▸ Brief:
For the data below, transcribe the part that opens with the line containing "BM高端t恤男字母提花暗纹短袖2024新款男士休闲上衣潮流修身夏季" and closes with the line containing "തിരുവേഗപ്പുറയിലെ തൂതപ്പുഴയിൽ ഒഴുക്കിൽപ്പെട്ട്", exactly and with no pictures.

▸ Information supplied:
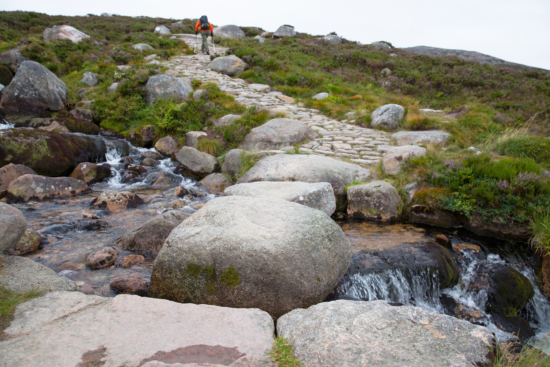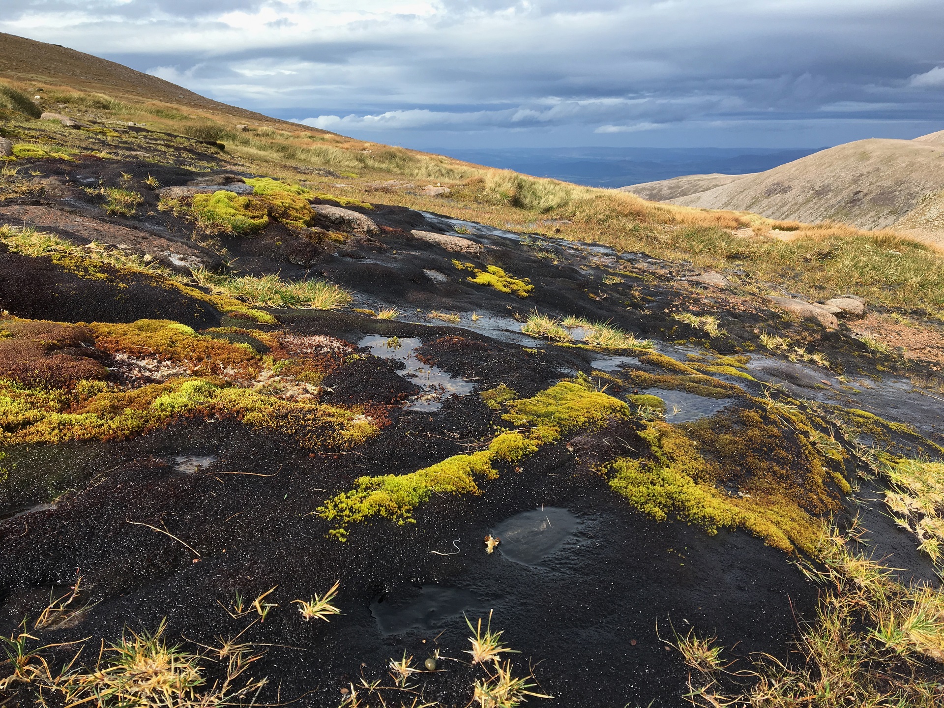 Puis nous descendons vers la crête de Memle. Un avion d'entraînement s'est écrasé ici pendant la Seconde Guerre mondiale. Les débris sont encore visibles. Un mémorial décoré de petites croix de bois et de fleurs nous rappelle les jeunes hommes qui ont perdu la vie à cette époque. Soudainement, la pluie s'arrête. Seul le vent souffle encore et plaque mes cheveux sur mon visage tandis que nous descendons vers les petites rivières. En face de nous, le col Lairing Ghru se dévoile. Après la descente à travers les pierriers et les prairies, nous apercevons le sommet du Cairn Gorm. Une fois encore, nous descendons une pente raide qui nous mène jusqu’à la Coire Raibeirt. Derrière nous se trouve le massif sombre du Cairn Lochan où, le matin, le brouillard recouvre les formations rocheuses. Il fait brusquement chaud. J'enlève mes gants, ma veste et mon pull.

---

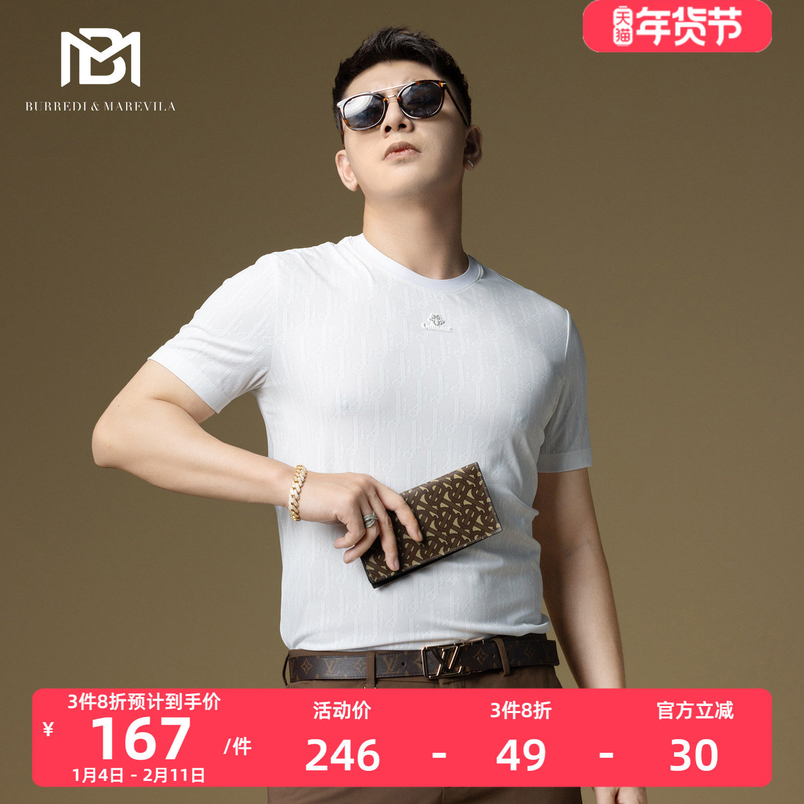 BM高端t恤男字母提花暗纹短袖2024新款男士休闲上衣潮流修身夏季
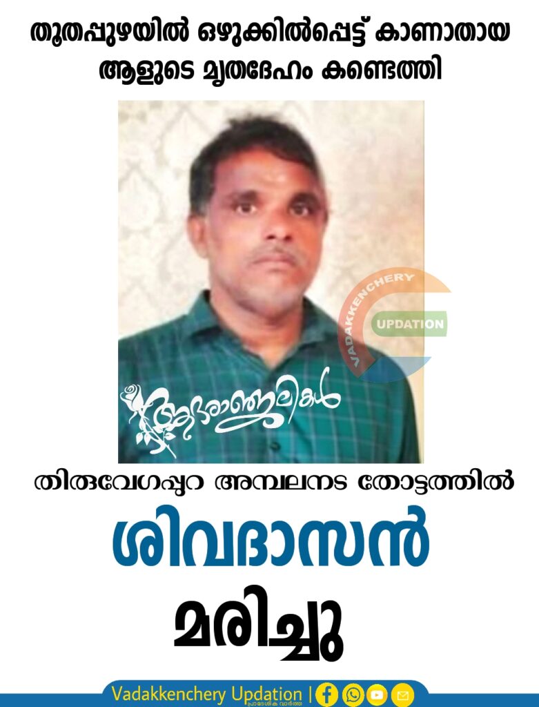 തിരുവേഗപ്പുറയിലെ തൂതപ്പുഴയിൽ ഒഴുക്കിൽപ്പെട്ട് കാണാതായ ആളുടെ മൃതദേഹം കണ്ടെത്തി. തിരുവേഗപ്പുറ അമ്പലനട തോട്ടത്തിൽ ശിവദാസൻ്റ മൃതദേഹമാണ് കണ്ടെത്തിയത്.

▸ Your solution:
 BM高端t恤男字母提花暗纹短袖2024新款男士休闲上衣潮流修身夏季
 തിരുവേഗപ്പുറയിലെ തൂതപ്പുഴയിൽ ഒഴുക്കിൽപ്പെട്ട് കാണാതായ ആളുടെ മൃതദേഹം കണ്ടെത്തി. തിരുവേഗപ്പുറ അമ്പലനട തോട്ടത്തിൽ ശിവദാസൻ്റ മൃതദേഹമാണ് കണ്ടെത്തിയത്.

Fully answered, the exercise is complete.